## [Data section]
##############################
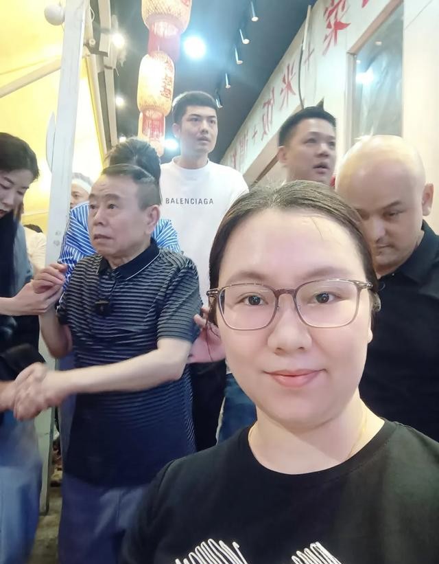 潘长江和女儿在工作人员的带领下,在餐位坐下,周围依然有很多围观的民众不愿离开,大家都拿出手机拍照。
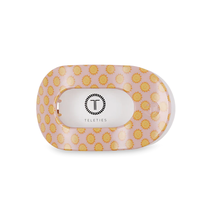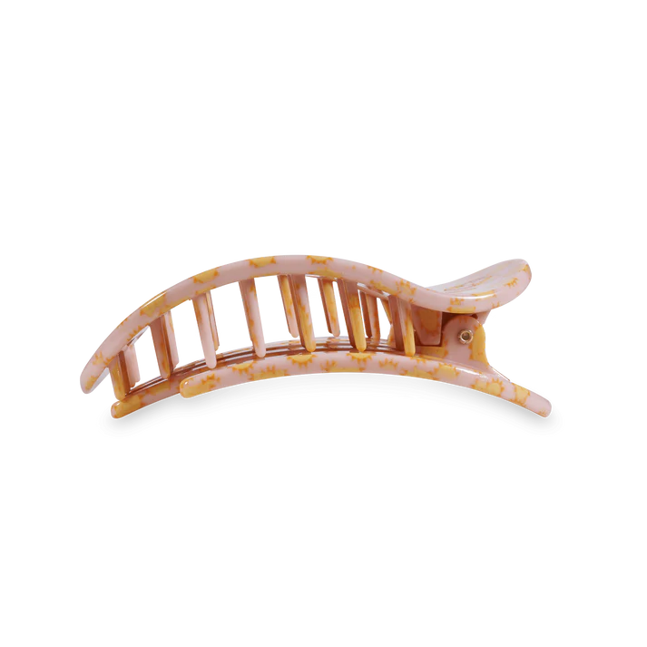 Lay flat and relax with the new TELETIES Sunny Days Ahead Medium Flat Round Hair Clip in Yellow Pink. This hair clip is designed to allow you to lay back flat, do yoga, or sit comfortably in a seat with a headrest, and it is made with the same material that is nearly unbreakable.
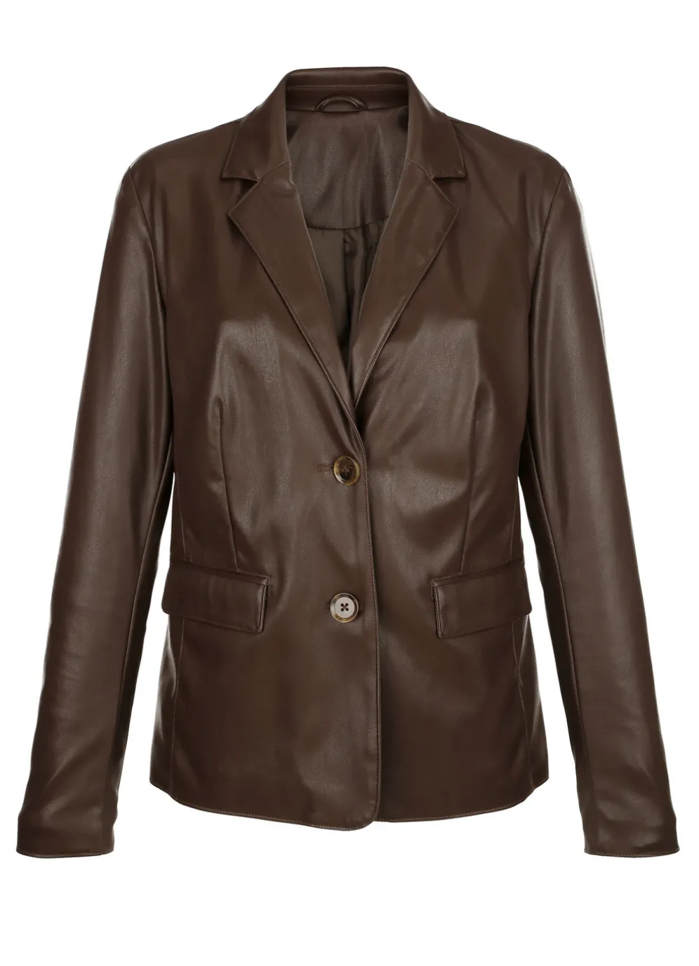 Blazer aus Nappaleder-Imitat in Schokobraun und in Größe 44.
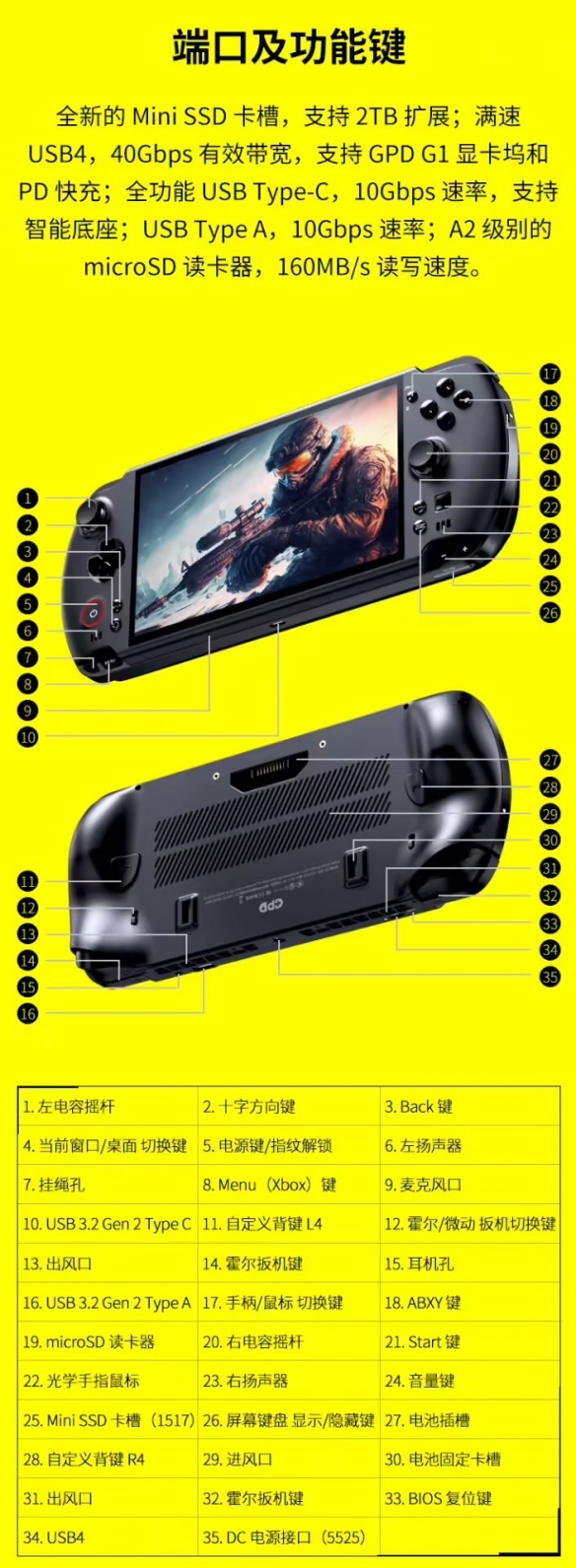 扩展与功能:内置 2280 硬盘插槽(兼容单面 M.2 PCIe Gen4 固态硬盘)、Mini SSD 插槽及 MicroSD 卡槽,支持双模式扩容;配备 FPS 专用电容摇杆(8000Hz 采样率,理论零漂移)、霍尔扳机键(长/短行程切换)及双震动马达(延迟 2.3ms),适配赛车、动作、射击等多类游戏。
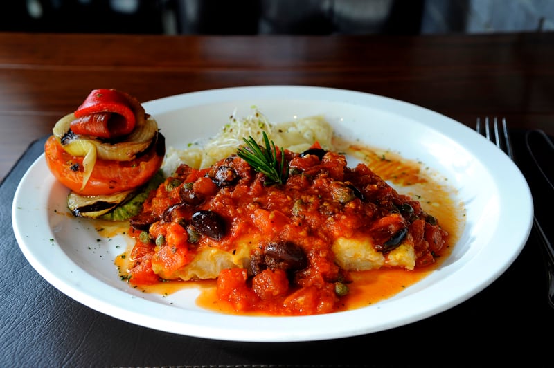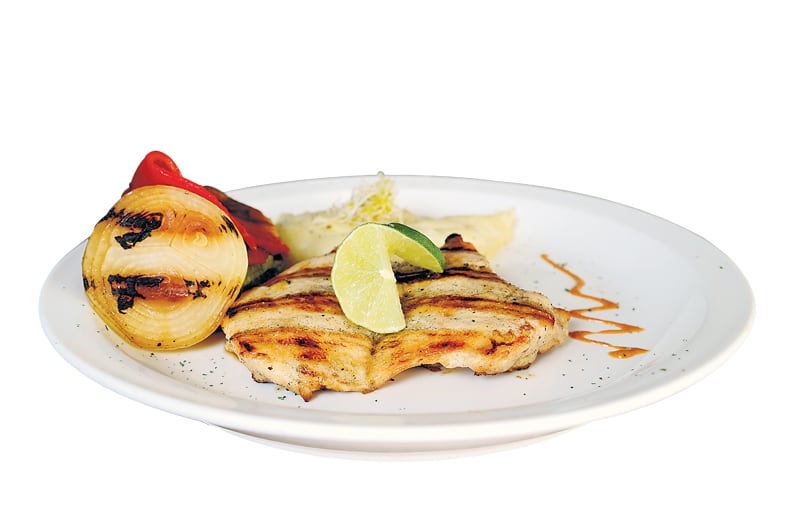 Corvina mediterránea. Con tomate natural, aceitunas negras y alcaparras. Acompañada de puré y vegetales asados. Tamaño considerable, muy buena salsa, el pescado fresco y cocinado justo lo necesario. Pechuga al grill . Acompañada de puré de papa y vegetales. Cumplidor, buen gusto y textura consistente sin estar recocido.
##############################
## [Task directions]
Pictures stay out. Print the lines of the records above exactly, from the first through the one with "扩展与功能:内置 2280 硬盘插槽(兼容单面".

## [Written response]
 潘长江和女儿在工作人员的带领下,在餐位坐下,周围依然有很多围观的民众不愿离开,大家都拿出手机拍照。
 Lay flat and relax with the new TELETIES Sunny Days Ahead Medium Flat Round Hair Clip in Yellow Pink. This hair clip is designed to allow you to lay back flat, do yoga, or sit comfortably in a seat with a headrest, and it is made with the same material that is nearly unbreakable.
 Blazer aus Nappaleder-Imitat in Schokobraun und in Größe 44.
 扩展与功能:内置 2280 硬盘插槽(兼容单面 M.2 PCIe Gen4 固态硬盘)、Mini SSD 插槽及 MicroSD 卡槽,支持双模式扩容;配备 FPS 专用电容摇杆(8000Hz 采样率,理论零漂移)、霍尔扳机键(长/短行程切换)及双震动马达(延迟 2.3ms),适配赛车、动作、射击等多类游戏。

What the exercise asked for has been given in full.